There is no error, the programme doesn't terminate or give any output!!
Log of zookeeper
2016-02-18 17:31:31,790 [myid:] - INFO [NIOServerCxn.Factory:0.0.0.0/0.0.0.0:2181:NIOServerCnxnFactory#197] - Accepted socket connection from /127.0.0.1:33338
2016-02-18 17:31:31,793 [myid:] - INFO [NIOServerCxn.Factory:0.0.0.0/0.0.0.0:2181:ZooKeeperServer#868] - Client attempting to establish new session at /127.0.0.1:33338
2016-02-18 17:31:31,821 [myid:] - INFO [SyncThread:0:ZooKeeperServer#617] - Established session 0x152f4265b0b0009 with negotiated timeout 6000 for client /127.0.0.1:33338
2016-02-18 17:31:31,891 [myid:] - INFO [ProcessThread(sid:0 cport:-1)::PrepRequestProcessor#645] - Got user-level KeeperException when processing sessionid:0x152f4265b0b0009 type:create cxid:0x1 zxid:0x718 txntype:-1 reqpath:n/a Error Path:/consumers Error:KeeperErrorCode = NodeExists for /consumers
2016-02-18 17:31:31,892 [myid:] - INFO [ProcessThread(sid:0 cport:-1)::PrepRequestProcessor#645] - Got user-level KeeperException when processing sessionid:0x152f4265b0b0009 type:create cxid:0x2 zxid:0x719 txntype:-1 reqpath:n/a Error Path:/consumers/artinew Error:KeeperErrorCode = NodeExists for /consumers/artinew
2016-02-18 17:31:31,892 [myid:] - INFO [ProcessThread(sid:0 cport:-1)::PrepRequestProcessor#645] - Got user-level KeeperException when processing sessionid:0x152f4265b0b0009 type:create cxid:0x3 zxid:0x71a txntype:-1 reqpath:n/a Error Path:/consumers/artinew/ids Error:KeeperErrorCode = NodeExists for /consumers/artinew/ids
2016-02-18 17:31:32,000 [myid:] - INFO [SessionTracker:ZooKeeperServer#347] - Expiring session 0x152f4265b0b0008, timeout of 6000ms exceeded
2016-02-18 17:31:32,000 [myid:] - INFO [ProcessThread(sid:0 cport:-1)::PrepRequestProcessor#494] - Processed session termination for sessionid: 0x152f4265b0b0008
2016-02-18 17:31:32,002 [myid:] - INFO [SyncThread:0:NIOServerCnxn#1007] - Closed socket connection for client /127.0.0.1:33337 which had sessionid 0x152f4265b0b0
I am getting this in Kafka console in infinite loop. please explain
[2016-02-17 20:50:08,594] INFO Closing socket connection to /xx.xx.xx.xx. (kafka.network.Processor)
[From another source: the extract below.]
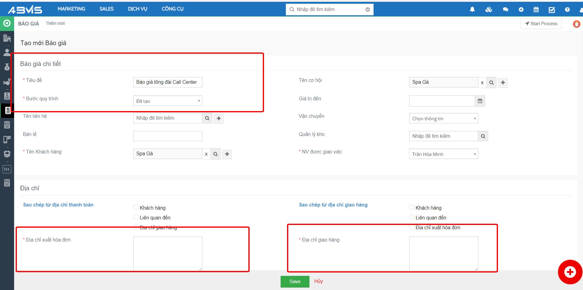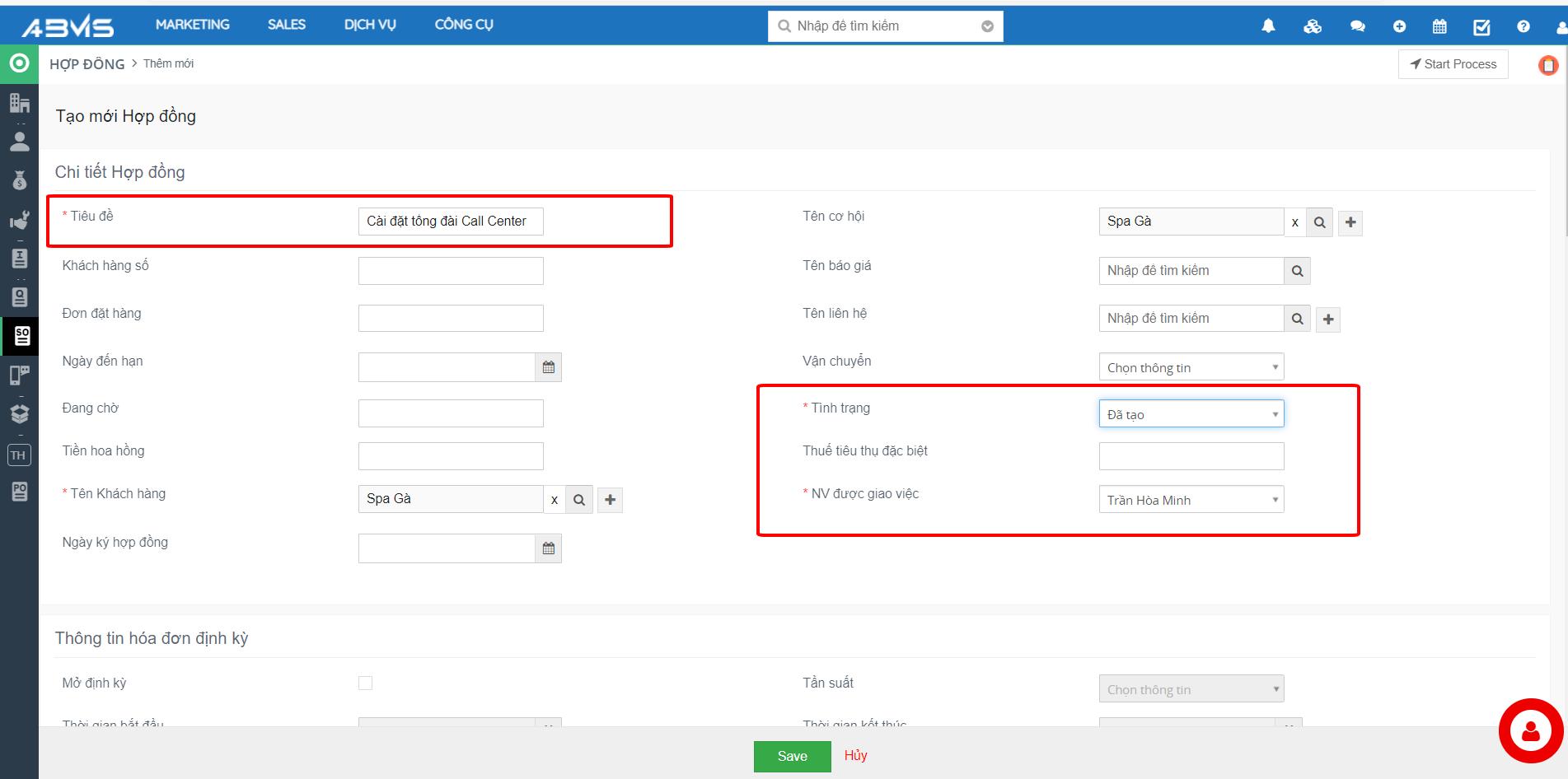 Thực hiện tương tự với các tính năng Thêm mới Báo giá và Thêm mới Hợp đồng.

[2016-02-17 20:50:08,174] INFO Closing socket connection to /xx.xx.xx.xx. (kafka.network.Processor)
[2016-02-17 20:50:08,385] INFO Closing socket connection to /xx.xx.xx.xx. (kafka.network.Processor)
[2016-02-17 20:50:08,760] INFO Closing socket connection to /xx.xx.xx.xx. (kafka.network.Processor)
i created the topic in the following manner
bin/kafka-topics.sh --create --zookeeper localhost:2181 --replication-factor 1 --partitions 5 --topic topic1
i am able to consume it in command prompt using
bin/kafka-console-consumer.sh --zookeeper localhost:2181 --from-beginning --topic topic1
Not able to understand what is the issue.
Try localhost instead of 127.0.0.1 in code to make sure local resolution is working fine.